Next, a 200 nm-thickness silicon oxide film was formed as a gate insulating layer 12 over the gate electrode layer 11 by a plasma CVD method. The substrate temperature during the formation of the silicon oxide film by the plasma CVD method was 340 ° C. SiH ₄ and N ₂ O were used as the process gas, and the gas flow ratio was SiH ₄ : N ₂ O = 1: 25. The input RF power density and pressure were 0.9 W / cm ² and 173 Pa, respectively.

Subsequently, an amorphous IGZO film having a thickness of 40 nm was formed as the oxide semiconductor layer 13 over the gate insulating layer 12 by a sputtering method. The oxide semiconductor layer 13 was formed at a substrate temperature of 120 ° C. using a DC sputtering apparatus. A polycrystalline sintered body having an InGaZnO ₄ composition was used as the target, and the input power was 300 W. The atmosphere during film formation was set to a total pressure of 0.5 Pa, and the gas flow rate ratio at that time was Ar: O ₂ = 87: 13. Thereafter, the oxide semiconductor layer 13 was patterned by a photolithography method and an etching method.

Next, a 300-nm-thick silicon oxide film was formed as the channel protective layer 14 over the oxide semiconductor layer 13 (on the channel region 13a of the oxide semiconductor layer) by a plasma CVD method. The substrate temperature during the formation of the silicon oxide film by the plasma CVD method was 250 ° C. SiH ₄ and N ₂ O were used as the process gas, and the gas flow ratio was SiH ₄ : N ₂ O = 1: 25. The input RF power density and pressure were 0.9 W / cm ² and 173 Pa, respectively. Then, patterning by a photolithography method and an etching method was performed, and the channel protective layer 14 was formed with the pattern of FIG. At this time, in each of the source region and the drain region, at least a part of the end in the width direction from the corner on the side close to the channel region, and the end of the channel region on the same side as the end TFTs having the shortest distance d of 2.5 μm, 5 μm, and 10 μm were produced.

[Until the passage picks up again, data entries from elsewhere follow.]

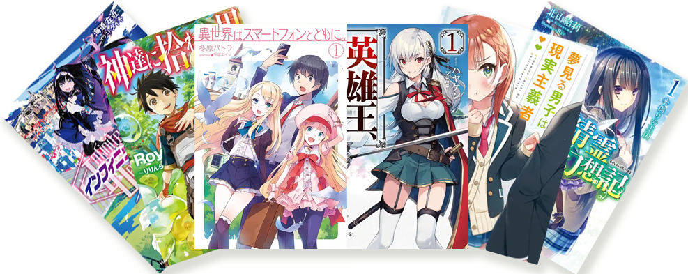 『英雄王、武を極めるため転生す ~そして、世界最強の見習い騎士♀~』『精霊幻想記』『異世界はスマートフォンとともに。』『神達に拾われた男』など、アニメ化やコミカライズされた人気作が充実。 男性・女性向けや、ジャンルを問わず幅広い作品を刊行しています。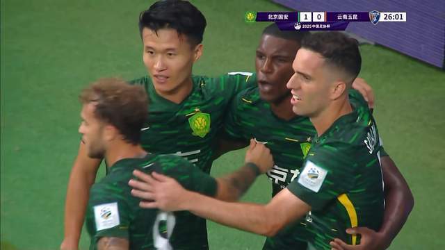比赛开场第7分钟,杨立瑜传中直接出了底线,国安高位逼抢强度很大,云南玉昆的进攻相对简单有效,三传两递推进到前场,主打反击。比赛第12分钟,杨立瑜后排插上头球攻门,马镇扑救脱手,第二反应很快控制住了皮球。北京国安的战术有了明显变化,减少中路无效传控,寻求两个边路突破传中,也终于得到了一定效果,率先进球。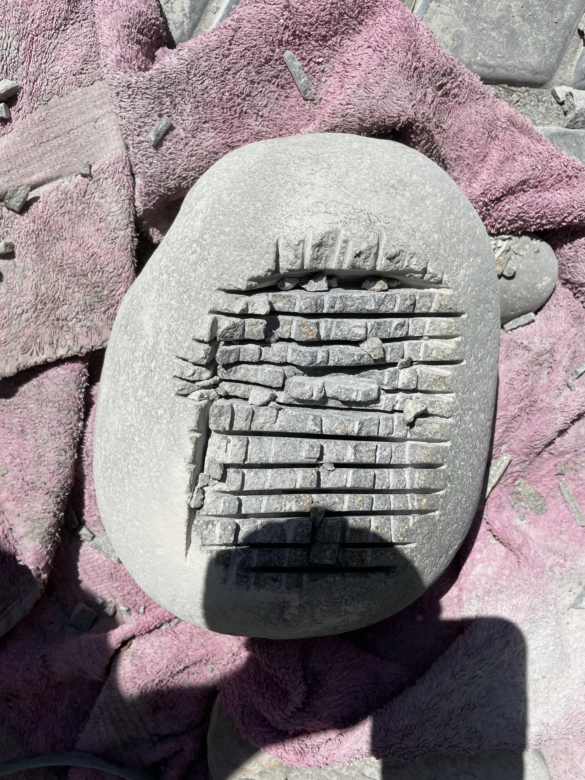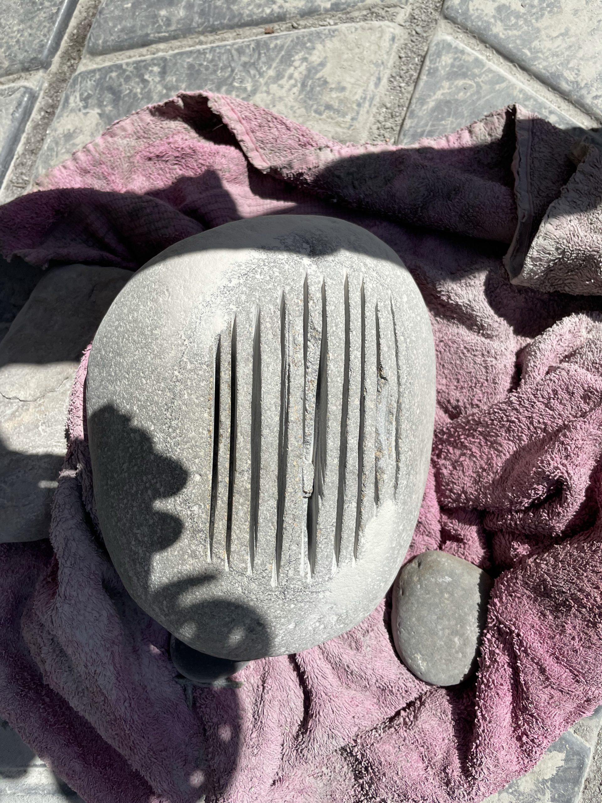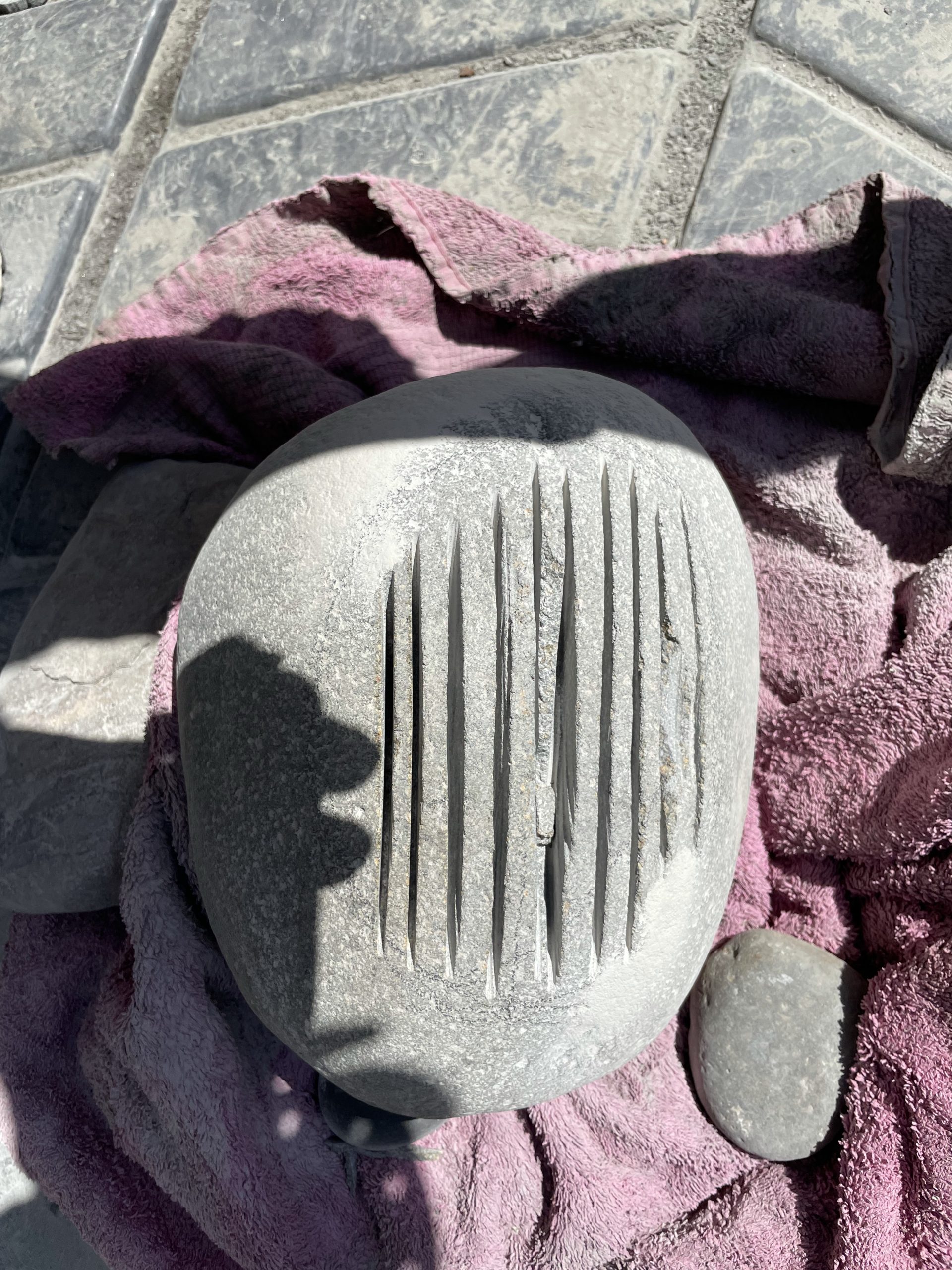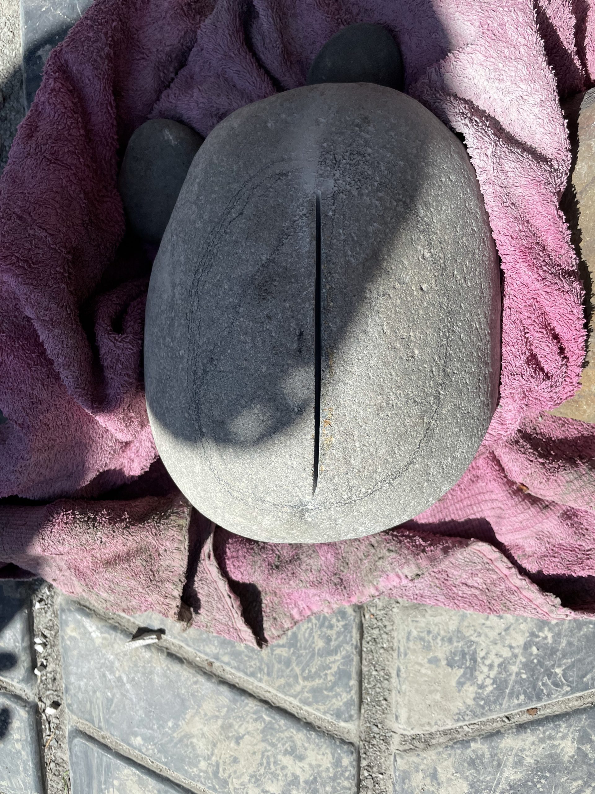 One of the high points of the trip… Beyond just being with family… Was the game taught me to cut, grind and polished stone. I made my first bear birdbath under his expert tutelage.… First I had to find the right stone… Then I had to crisscross it with cuts from a diamond cut off wheel. From that I had to knock The things I cut out with a rock chisel and hammer… To basically shape the rough parts of a bowl. From that I used a 30 grade diamond grinding bit to take down all the roughness that the chiseling have left. From that point it was a progression of 100 to 200 to 500 to 1000 to 1500 to 3000 to buffing Using a water cooled electric grinder…

Subsequently, a 300 nm-thick silicon oxynitride film is formed as a protective layer 15 on the oxide semiconductor layer 13 (on the region to be the source region 13b and the region to be the drain region 13c) and on the channel protective layer 14 by plasma CVD. Formed by. The substrate temperature during the formation of the silicon oxynitride film by the plasma CVD method was 250 ° C. SiH ₄ , N ₂ O, and N ₂ were used as process gases, and the gas flow rate ratio was SiH ₄ : N ₂ O: N ₂ = 4: 5: 95. The input RF power density and pressure were 0.9 W / cm ² and 150 Pa, respectively.

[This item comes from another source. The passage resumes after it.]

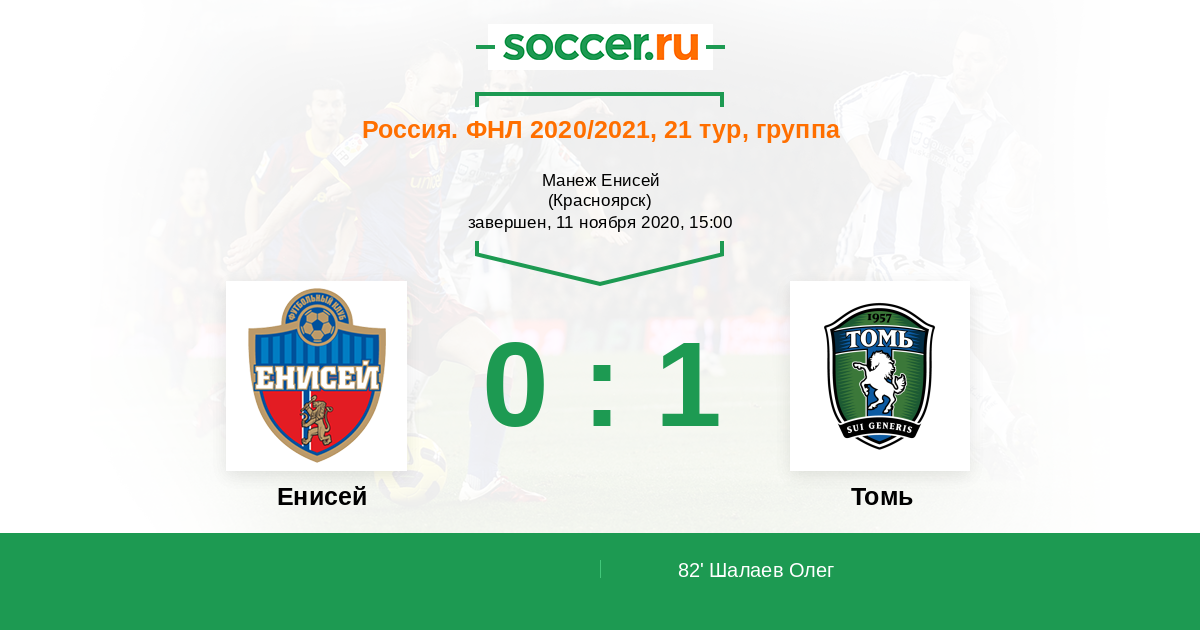 Протокол матча Енисей против Томь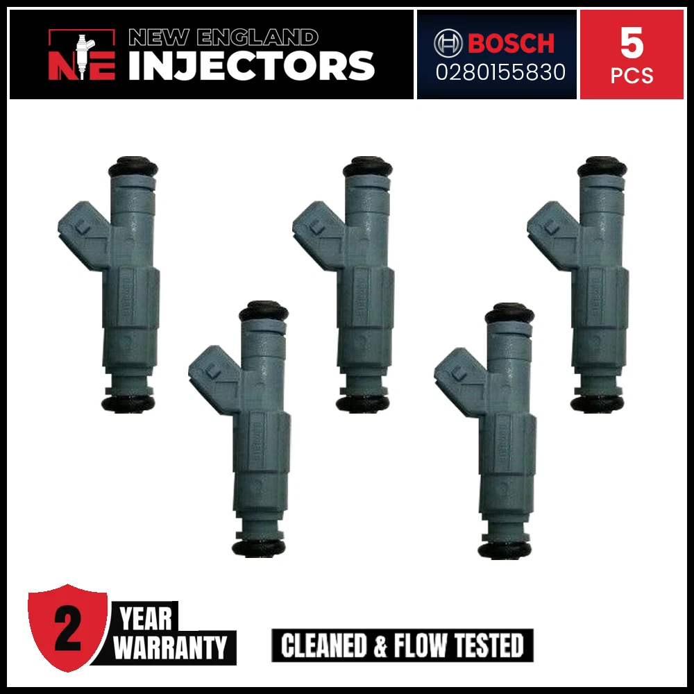 Remanufactured Bosch 0280155830 Fuel Injectors set (5) for 1999-2006 Volvo S80 C70 S60 V70 XC70. Professionally rebuilt to OEM specs using only genuine OEM injectors. Includes fast shipping and a 2-year warranty.

  Next, after forming the contact hole 16 in the protective layer 15 by the photolithography method and the etching method, Mo having a thickness of 100 nm was formed as the source wiring layer 17 and the drain wiring layer 18 by the sputtering method. Thereafter, the source wiring layer 17 and the drain wiring layer 18 were patterned by a photolithography method and an etching method.

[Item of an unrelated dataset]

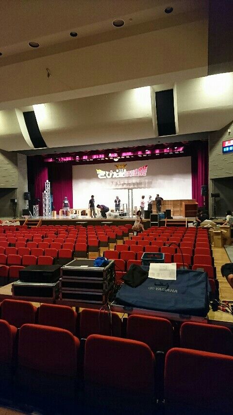 設営の最後は、明日の歌謡祭の目玉でもある生バンドの楽器のセッティングが行われました。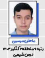 | ماهان موسوی رتبه 9 منطقه 2 سال 1403 (درس شیمی) | ![]() | کلیک کنید |

  Finally, annealing at 270 ° C. for 1 hour in the atmosphere was performed in a heating furnace to remove damage caused by dry etching or the like.

  Through the above process, the oxide semiconductor TFT of this example was completed.

  The following evaluation was performed on 13 oxide semiconductor TFTs in a plane of a 4-inch substrate manufactured in this example.

  First, the transfer characteristics of the TFT manufactured in this example were measured. The result is shown in FIG. As is apparent from FIG. 6, the transfer characteristics were good regardless of the length of the shortest distance d.

  Next, a stress test was performed on the TFT manufactured in this example (the shortest distance d = 5 μm), and the transfer characteristics before and after the stress test were measured. The stress conditions were a temperature of 60 ° C., a gate bias of +20 V, and a stress time of 10,000 seconds. The result is shown in FIG. FIG. 8A shows a case where a logarithmic plot is used, and FIG. 8B shows a case where a linear plot is used. As can be seen from FIG. 8, the transfer characteristics are shifted in the positive direction in both the ON region and the sub-threshold region, and almost no change in the shape of the sub-threshold region in the transfer characteristics was observed.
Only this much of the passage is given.